В декабре 2010 года в нью-йоркском «Карнеги-холле» состоялся его грандиозный концерт-возвращение с оркестром Сайто Кинэн. К сожалению, я смотрел его только в записи, но выступление, судя по всему, получилось великолепным и очень эмоциональным. И все же было видно, насколько маэстро физически изможден. Затем, после примерно полугодового перерыва, в июне 2011 года в ежегодной Международной музыкальной академии Сэйдзи Одзавы в Швейцарии, на берегу Женевского озера он активно обучал молодых музыкантов – и вновь стоял за пультом на концертах оркестра академии в Женеве и Париже. Эти выступления тоже имели грандиозный успех, и от начала и до конца я был рядом с маэстро все десять дней. Вблизи наблюдая за неимоверными усилиями, которые доводят его до изнеможения, я с болью думал о том, как он выдержит такую нагрузку. Ценой рожденной тогда великолепной и впечатляющей музыки стала энергия, которую он без остатка выплеснул из себя.
И все же, глядя на сцену, где стоял маэстро, я внезапно понял кое-что важное. Он не может этого не делать. И неважно, что скажут врач, тренер или друзья – а каждый из них, конечно, пытался, – он не может этого не делать. Потому что именно музыка позволяет ему жить дальше.
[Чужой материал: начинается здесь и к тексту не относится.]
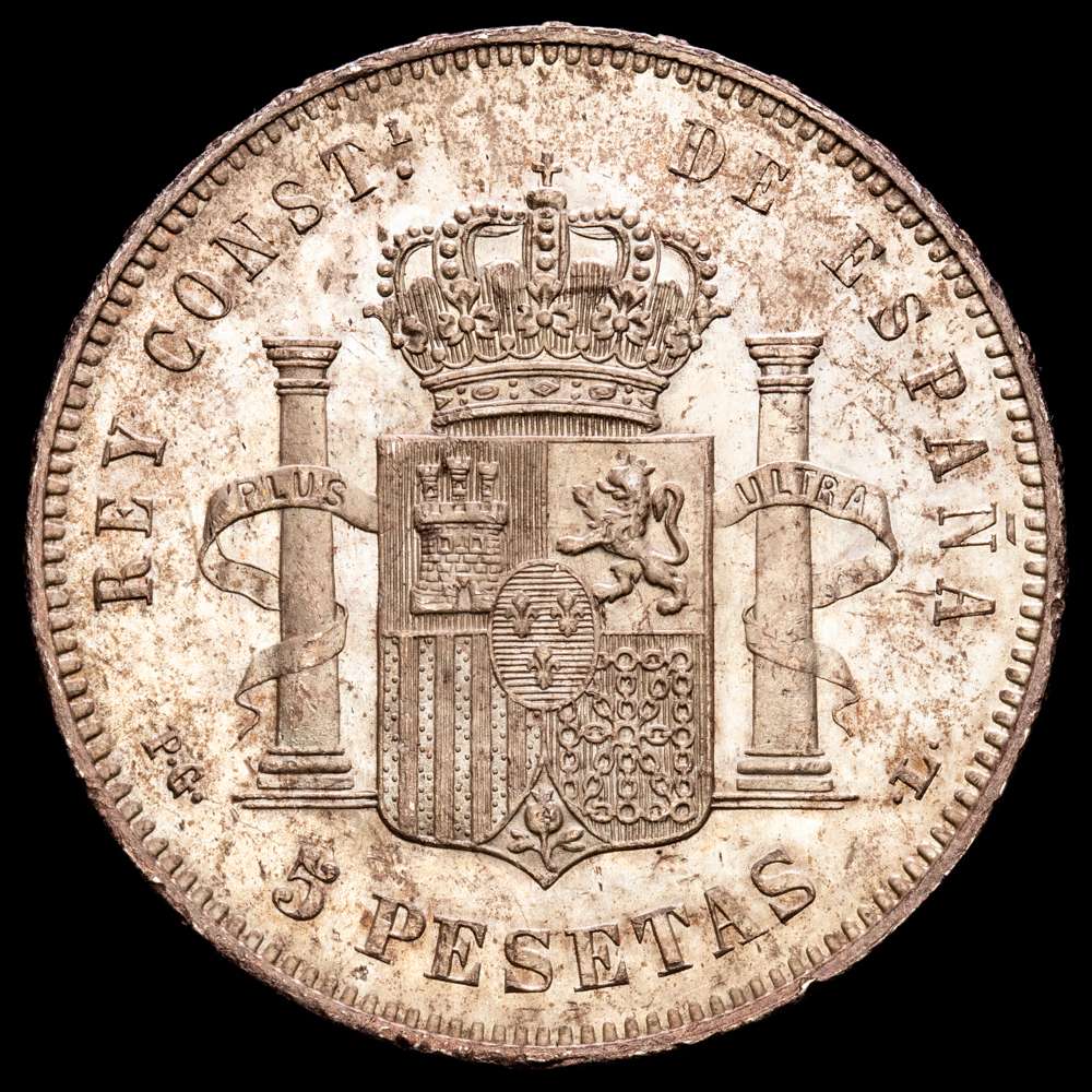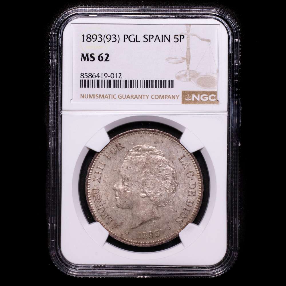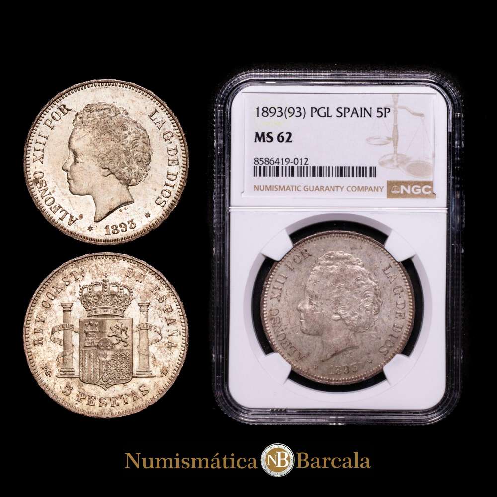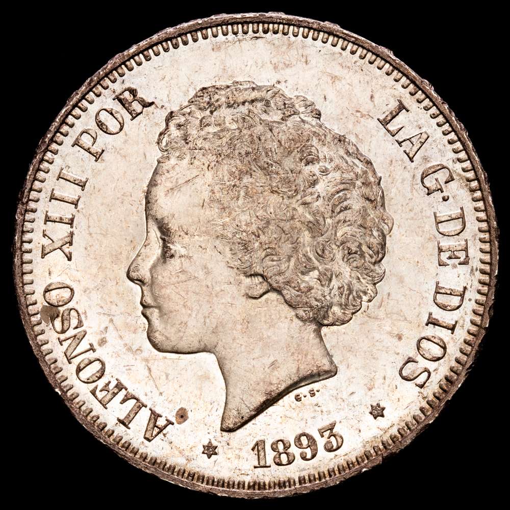 Alfonso XIII (1886-1931). 5 pesetas. 1893*18-93. Madrid. PGL. (AC-102). Ag. 24,99 g. Gran brillo original. Encapsulada por NGC como MS 62. Escaso en esta condición.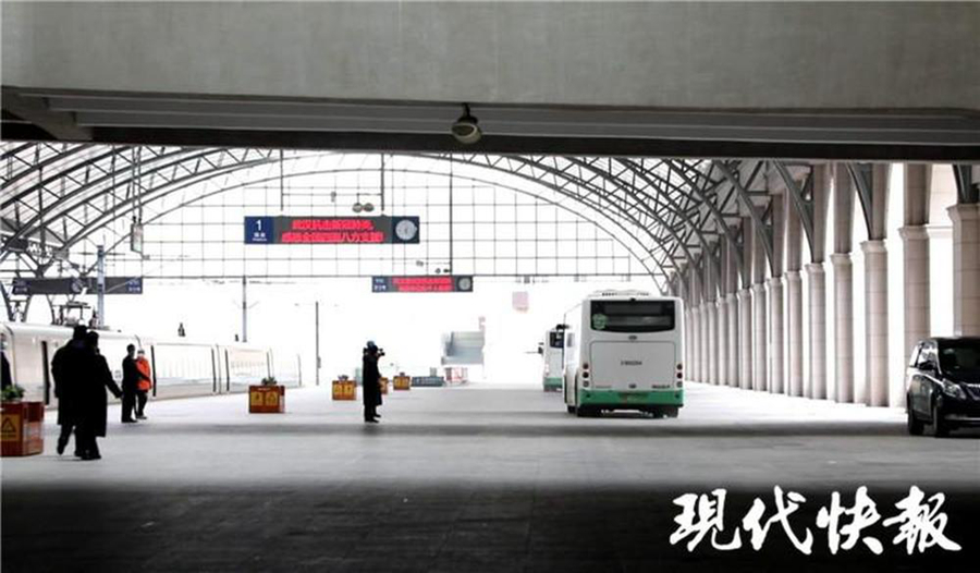 1 點(diǎn) 10 分,一列動(dòng)車緩緩?fù)?吭谖錆h漢口火車站,醫(yī)療隊(duì)從車上搬下了二三十箱防護(hù)物資。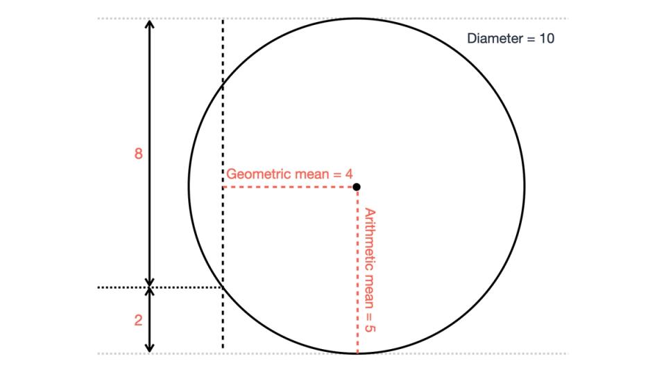 The circle has a radius of 5, which indicates the arithmetic mean is 5. The geometric mean of the circle depends on where we draw a vertical line through the circle. Since we want a geometric mean of 4, travel 4 units to the left of the center. Then, draw a vertical line through that point and plot the points and . We know from our field goal problem that the distance from to is 2 and the distance from to is 8. In summary, both the circle and ellipse illustrate the arithmetic and geometric means for the numbers 2 and 8.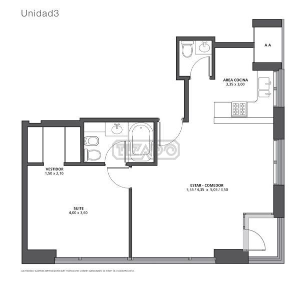 - Dormitorio: 4.00 x 3.60 suite c/vest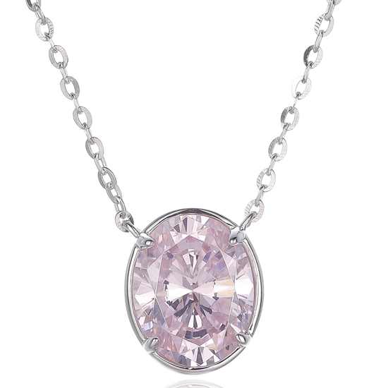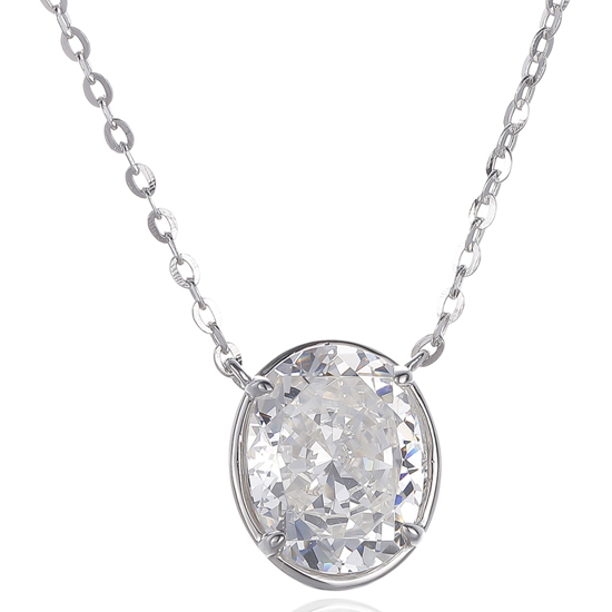 Oval Shape Diamond G And Round White Cubic Zircon Rhodium Silver Necklace

Он не способен существовать, регулярно не питая себя живительной музыкой. Разматывая музыку руками, стоя под ее живой пульсацией, преподнося ее залу («Смотрите!»), так – и только так – он чувствует себя по-настоящему живым. Кто сможет ему это запретить?
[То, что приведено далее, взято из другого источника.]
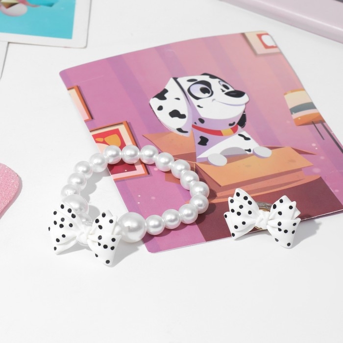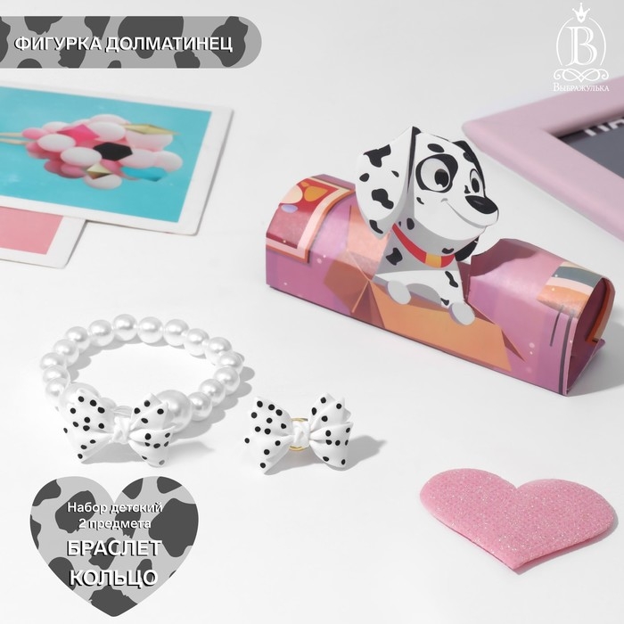 Набор детский «Выбражулька» 2 предмета: браслет, кольцо, фигурка далматинец, цвет белый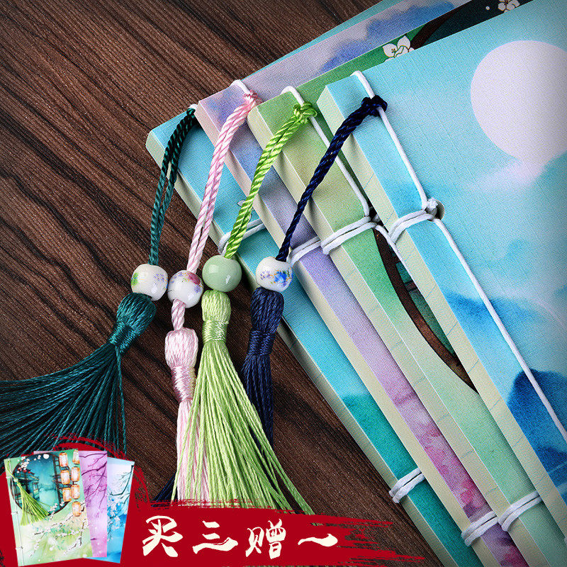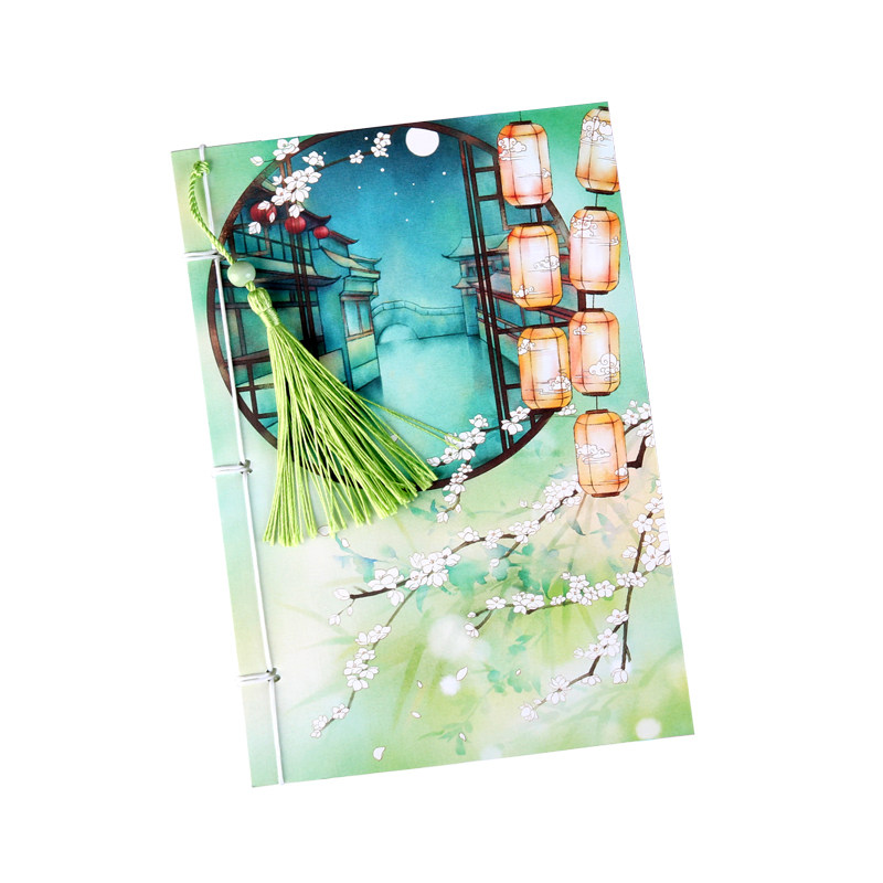 岁月坊A5古风记事本手账本创意彩页插画手绘日记本中国风复古本子男女学生清新线装本古典笔记本文具批发定制

Я хотел бы сказать: «Послушайте, нужно потерпеть, как следует отдохнуть, восстановить силы, и только потом выступать. Я прекрасно вас понимаю, но не зря говорят: «Тише едешь – дальше будешь». Звучит логично. Но глядя на маэстро, из последних сил вытянувшегося у дирижерского пульта, я не смог бы этого произнести. Мои слова были бы ложью. Потому что маэстро выше логики. Как дикий волк, способный выжить только в лесной чаще.
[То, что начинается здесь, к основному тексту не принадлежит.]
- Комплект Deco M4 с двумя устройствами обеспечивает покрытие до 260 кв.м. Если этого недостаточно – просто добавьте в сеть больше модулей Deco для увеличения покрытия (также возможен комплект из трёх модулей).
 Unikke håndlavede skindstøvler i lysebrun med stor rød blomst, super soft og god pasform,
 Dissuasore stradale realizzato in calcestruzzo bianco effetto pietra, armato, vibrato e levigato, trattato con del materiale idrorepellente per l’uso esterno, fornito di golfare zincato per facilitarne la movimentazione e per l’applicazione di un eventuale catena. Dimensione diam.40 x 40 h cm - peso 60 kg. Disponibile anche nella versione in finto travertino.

В интервью, вошедших в эту книгу, я не пытался раскрыть образ маэстро. Это не репортаж и не личный портрет. Моей целью была откровенная и предельно честная беседа о музыке между любителем и профессионалом.
Я старался показать, насколько каждый из нас – пусть и на совершенно разном уровне – искренне предан музыке. Вот зачем я взялся за эту книгу. И в глубине души мне кажется, что это неплохо удалось.
Мы с маэстро прекрасно проводили время, слушая вместе музыку. Поэтому наиболее подходящим названием мне представляется что-то вроде «Вечеров с Сэйдзи Одзавой» (Afternoons with Seiji Ozawa).
И все же среди реплик маэстро читатель наверняка разглядит тревожные всполохи. Наточенные, словно острые лезвия, частички духа, скрытые за обыденными фразами плавно сотканного контекста. Пользуясь музыкальной терминологией, это изящные средние голоса, не заметные рассеянному и неподготовленному слушателю. Я не мог отвлечься ни на мгновение. Постоянно был начеку в ожидании потаенного призвука. Стоило мне упустить этот слабый сигнал, и фраза мгновенно утратила бы свой настоящий смысл.